Lingo is an American television game show with multiple international adaptations. In it, contestants compete to decode five-letter words given the first letter, similarly to Jotto, with each correctly guessed word earning number draws to attempt filling in a Bingo card.

Four Lingo series have aired in the United States. The first was aired in daily syndication from September 28, 1987, until March 25, 1988, and taped at the BCTV studios in the Vancouver suburb of Burnaby, British Columbia; initially hosted by Michael Reagan, series creator Ralph Andrews took over beginning in February 1988. On August 5, 2002, Game Show Network (GSN) premiered a revival of Lingo, which was hosted by Chuck Woolery and ran for six seasons through 2007. On June 6, 2011, GSN premiered a second revival hosted by comedian Bill Engvall, running for one season.
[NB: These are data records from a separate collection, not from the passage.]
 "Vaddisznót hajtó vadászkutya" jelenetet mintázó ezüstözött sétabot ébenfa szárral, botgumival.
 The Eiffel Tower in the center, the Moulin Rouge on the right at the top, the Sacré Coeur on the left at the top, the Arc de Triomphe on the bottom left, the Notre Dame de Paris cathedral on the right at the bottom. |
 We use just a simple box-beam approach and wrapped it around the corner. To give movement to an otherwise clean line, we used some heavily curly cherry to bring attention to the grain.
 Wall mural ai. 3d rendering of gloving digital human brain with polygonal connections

On February 11, 2022, CBS announced that it had ordered a primetime revival of Lingo, with RuPaul as host and executive producer, which premiered on January 11, 2023.

Gameplay

1987 version

Two teams of two contestants, one of them usually a returning champion, compete. To start the game, each team receives a randomly generated "Lingo" card, similar in manner to a Bingo card, with some spaces already filled in. The 1987 version started with seven spaces filled in, while all other versions start with ten.

The team is then given the first letter of a five-letter mystery word and must make attempts at guessing the word by spelling it out. To assist in figuring out the word, each letter lights up. A letter that turns red is in the mystery word and in the right place, one that is yellow is in the mystery word but in the wrong place, and one that does not light up is not in the mystery word at all. If the team did not come up with the right word on the first try, they were shown which letters were correctly-placed as well as those in the word but not correctly placed. A team has five turns in which to guess the word.
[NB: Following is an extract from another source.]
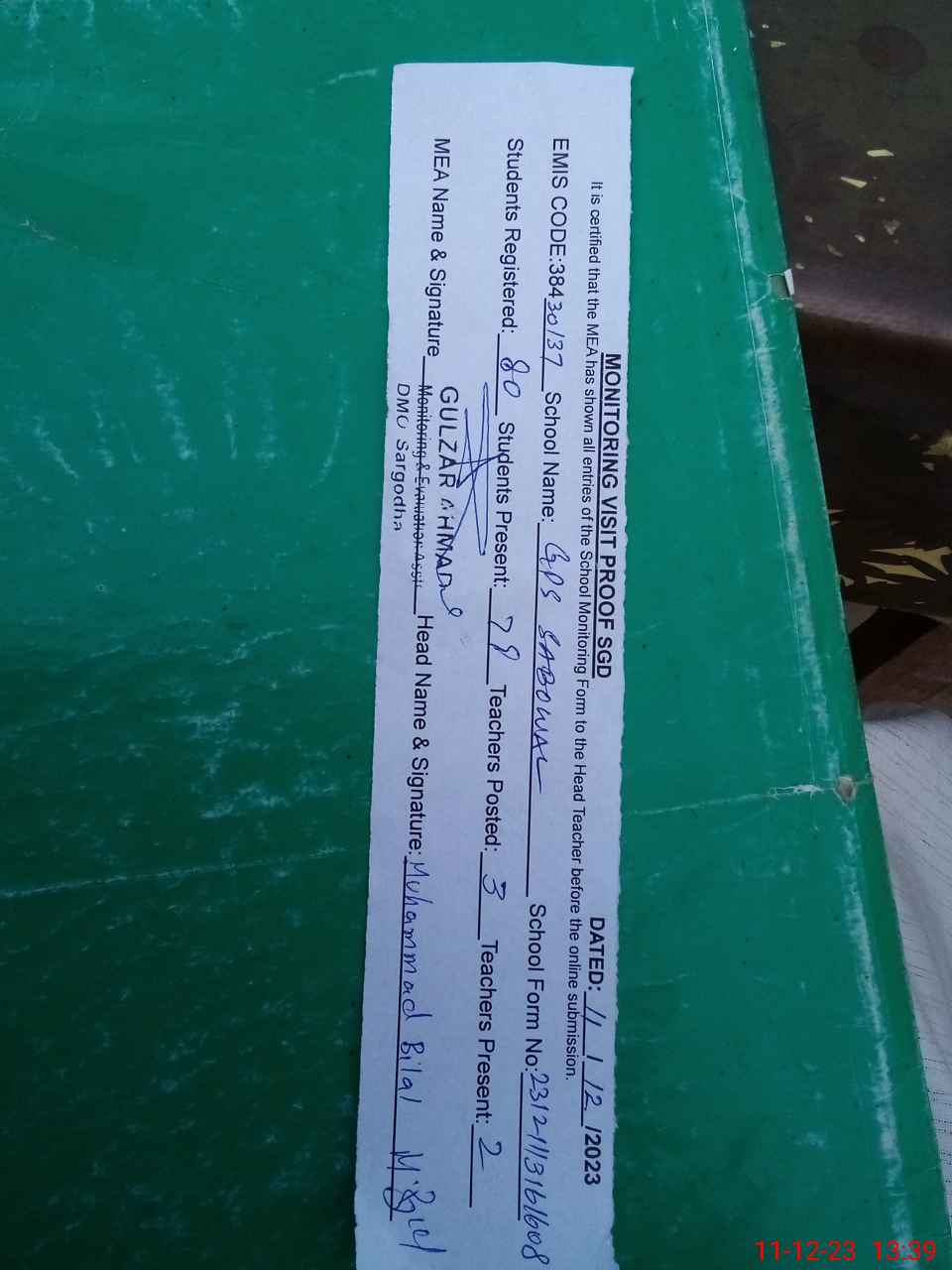 | Attendance Register | Head Teacher | MEA with School | Visit Proof |

Control passes to the opposing team if the team in control either fails to make a guess before five seconds expire; makes an invalid guess (a misspelled word, a proper noun, a contraction, a hyphenate, or a word not five letters in length), or guesses incorrectly on the fifth turn. Passing control to the opposing team also reveals another letter in the word, unless doing so would fill in the word completely. If the opposing team still fails to guess, then the word is discarded and a new one generated.
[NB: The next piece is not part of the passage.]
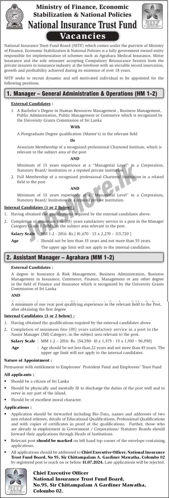 Job Vacancies – National Insurance Trust Fund 2024 – National Insurance Trust Fund is seeking suitable persons for following Posts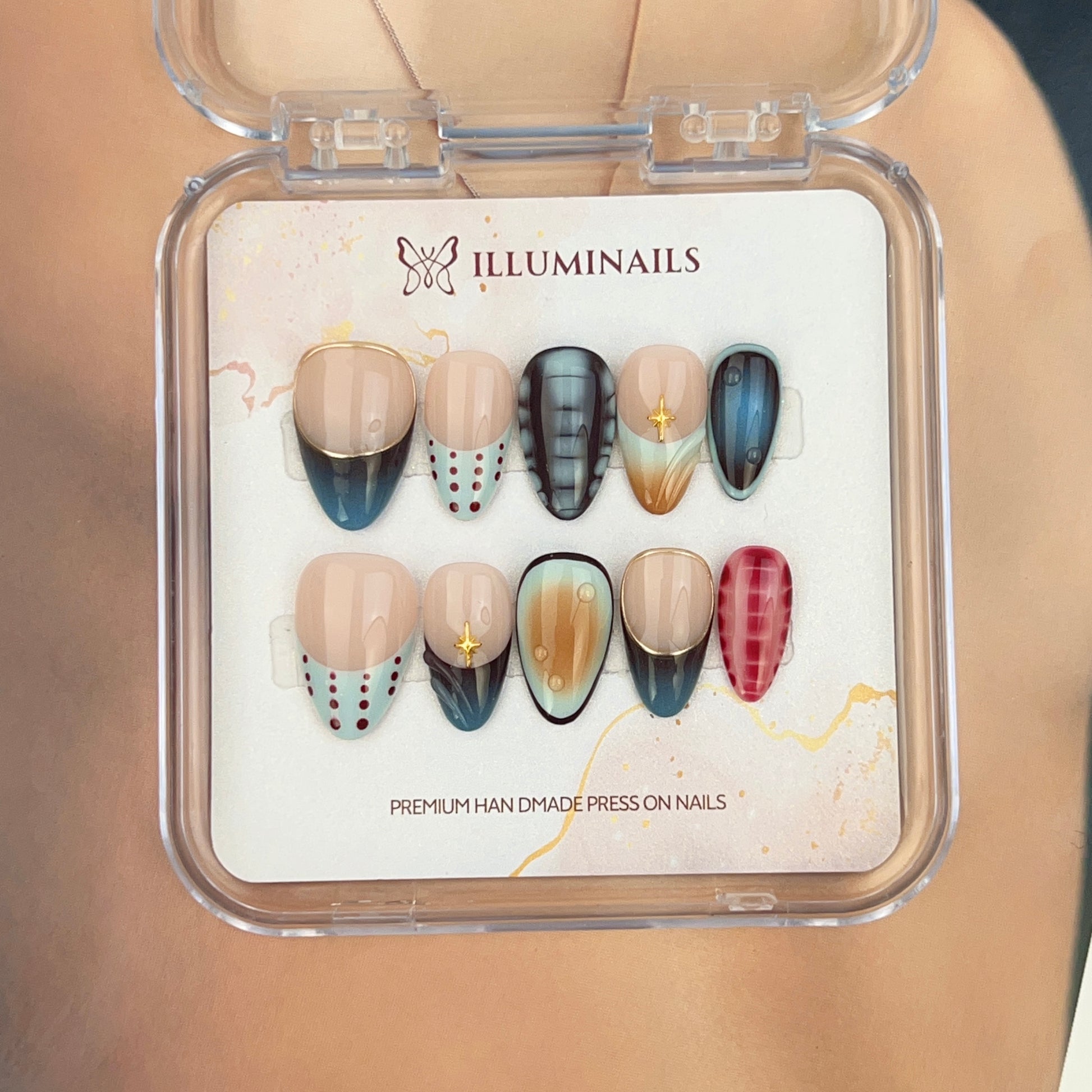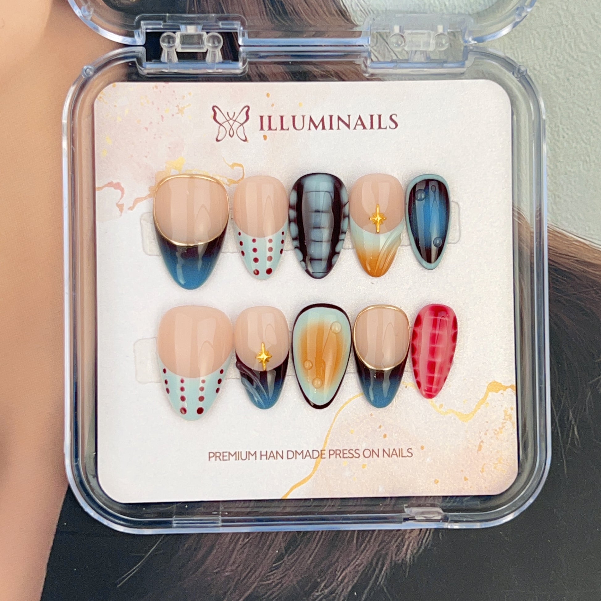 - Premium handmade press-on nails with mixed graphic and gradient designs

After correctly guessing a word, a team draws balls from a hopper in front of them. Most of the balls contain numbers, which correspond to those on each team's respective Lingo board. The 1987 version also featured "prize balls," which awarded trips or cash if drawn. Also present are red balls, which if drawn, immediately forfeit control to the opposing team. Starting with the 2002 version, the red balls were known as "stoppers." The goal of the Lingo board is to achieve five covered spaces in a row in any direction, known as a "Lingo". Doing so awarded $250 cash on the 1987 version, with the first team to complete a Lingo being declared the winner.

2002 version 
Gameplay on the GSN version was largely similar to that of its 1987 counterpart, though with several changes. Unlike the 1987 version, the 2002 version used a point system, and did not feature prize balls. Each correctly guessed word awarded 25 points, while scoring a "Lingo" awarded 50 points, a new Lingo board, and a letter in the bonus round. all point values were doubled in the second round of each game. In addition, the 2002 version introduced "mystery balls" in the second round; drawing one of these allowed a team to mark off any one number on their board. The team with the most points after the second round won the game. Ties on the 2002 version were broken by revealing a seven-letter word, starting with the first and last letters then working inward one letter at a time until a team gave the correct answer.

Bonus round
No Lingo (1987 version)
The bonus round of the 1987 version had the exact opposite objective of the front game, with teams working to avoid completing a line. Before the round started, the team was shown a Lingo card with all even numbers on it. Sixteen were covered to start the round. The champions were staked with $500 to start. For each mystery word, the team was given five chances to guess and were shown the first letter and one additional letter to start. If the team guessed the word on the first try, they drew one Lingo ball; one more was drawn for each subsequent guess, with a total of seven drawn if the word was not correctly guessed by the fifth turn.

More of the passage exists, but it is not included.